Та знала. Старых лошадей подвешивали под пузо на брезентовом полотнище: лошадники не усыпляют своих друзей за ненадобностью, на конюшне этого не водится.
— Позвонили вдове его хозяина, — задумчиво продолжил Федор Сергеевич. — Дескать, недолго осталось. Если интересуетесь, приезжайте попрощаться. Вмиг прилетела. Еще по коридору идет, а старик уже голос подает. Шумит из последних сил. А она и в денник робеет войти — не приучена. Хозяин ее к лошадям не подпускал, боялся — зашибут. Детей с четырех лет верхами посадил, а ее — нет. Берег. И все равно Софист ее узнал. Она к нему с трепетом, как к частице незабвенного мужа. А у него слезы текут. Хотя лошади вообще-то не плачут. Не по этой они части.

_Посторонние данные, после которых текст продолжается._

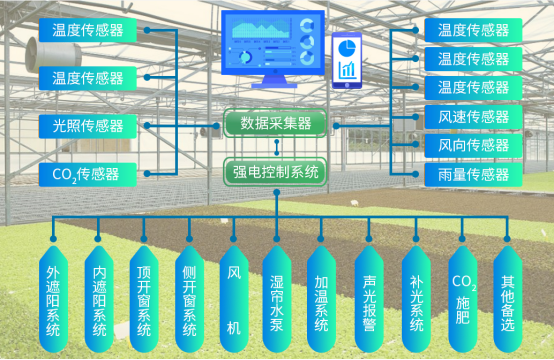 1、实时环境监测:室外温度,室外湿度,室外光照强度、风速、风向、雨量。室内多点温度、室内湿度、室内光照、CO2浓度、土壤温度、土壤湿度、水肥PH值、水肥EC值等

— А может, все-таки плачут? — засомневалась тронутая рассказом Анна Павловна. — С чего вы взяли, что нет? Это в наших условиях им не по кому плакать: только и делают, что хозяев меняют. То завод, то ипподром, то спортивная команда, то школа для любителей.
— То мясокомбинат, — сказал злобно Алексей Павлович.
— Кого тут оплакивать? — продолжила свою мысль, как бы не заметив эскапады Алексея Павловича, Анна Павловна. У нее сегодня были другие задачи в жизни. Бодрые. — Просто Софист — очень родственный человек. Хорошо чувствовал свой прайд.
— Людей он хороших чувствовал, — осадил не в меру культурную Анну Павловну молодой неизвестный наездник. — Дай бог всем нам так.
— Да-а, с лошадьми не соскучишься.
— Еще как не соскучишься, — значительно взглянув на Федора Сергеевича, произнес с каким-то особым смыслом Алексей Павлович. — Тогда такой случай вышел… — и умолк в раздумье.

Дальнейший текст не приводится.